+++ PROVIDED RECORDS

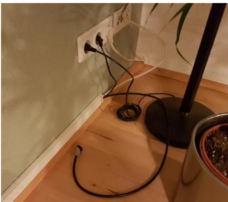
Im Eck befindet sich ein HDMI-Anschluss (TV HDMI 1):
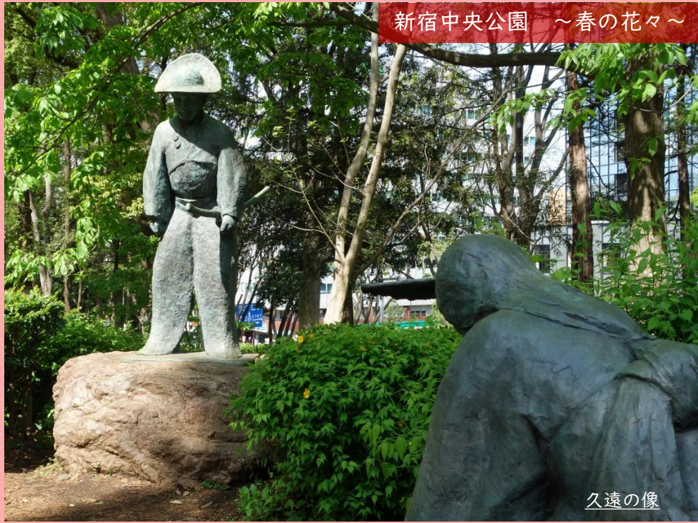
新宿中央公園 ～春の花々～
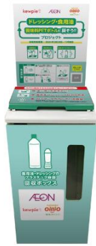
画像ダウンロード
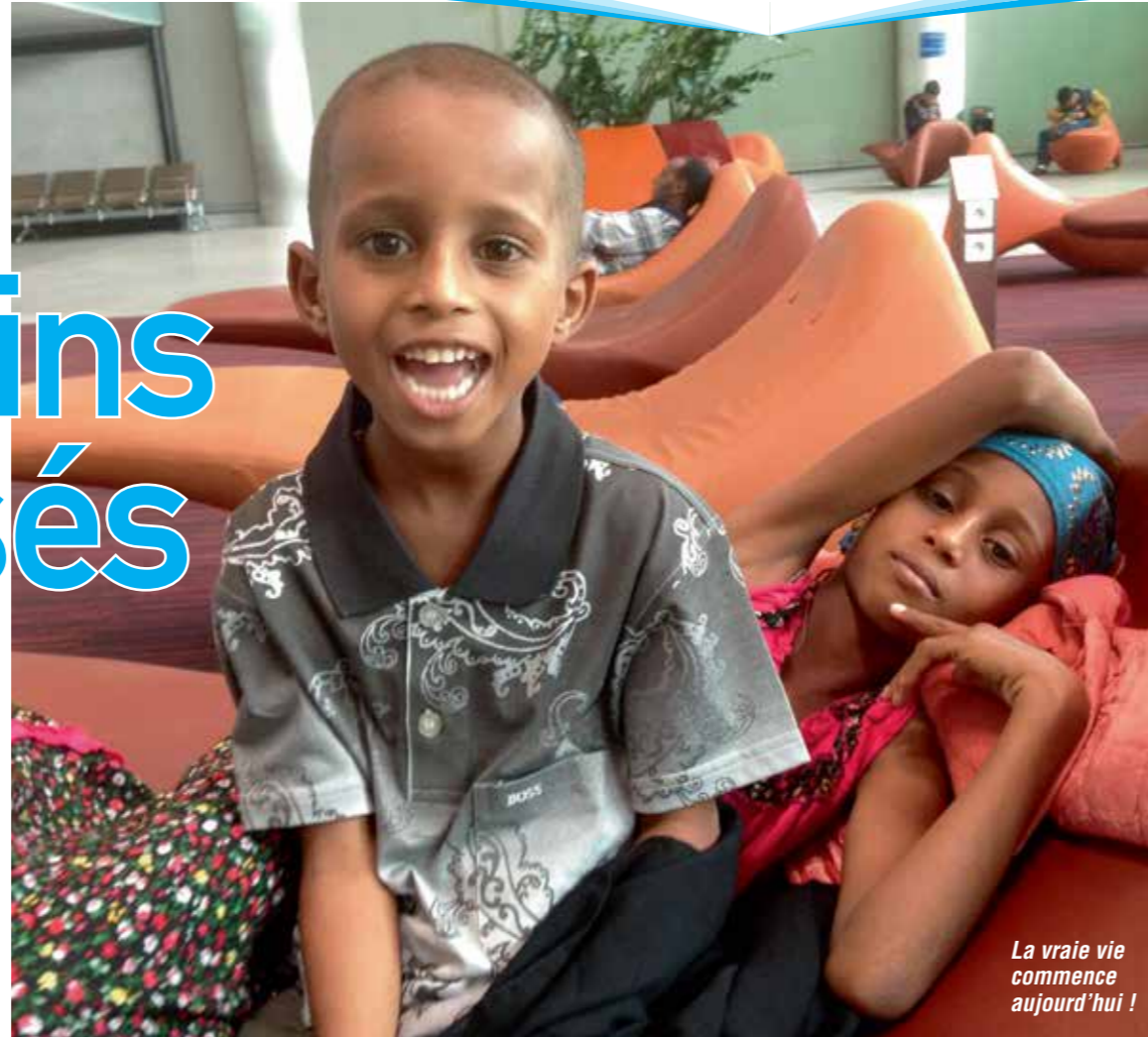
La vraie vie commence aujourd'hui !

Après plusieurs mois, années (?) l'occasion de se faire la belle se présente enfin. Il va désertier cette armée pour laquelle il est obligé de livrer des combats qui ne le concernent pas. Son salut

++++++

YOUR INSTRUCTIONS: Could you retype exactly the lines from the one containing "La vraie vie commence aujourd'hui !" through the final line of the data above, and no others?

EXERCISE OUTPUT:
La vraie vie commence aujourd'hui !

Après plusieurs mois, années (?) l'occasion de se faire la belle se présente enfin. Il va désertier cette armée pour laquelle il est obligé de livrer des combats qui ne le concernent pas. Son salut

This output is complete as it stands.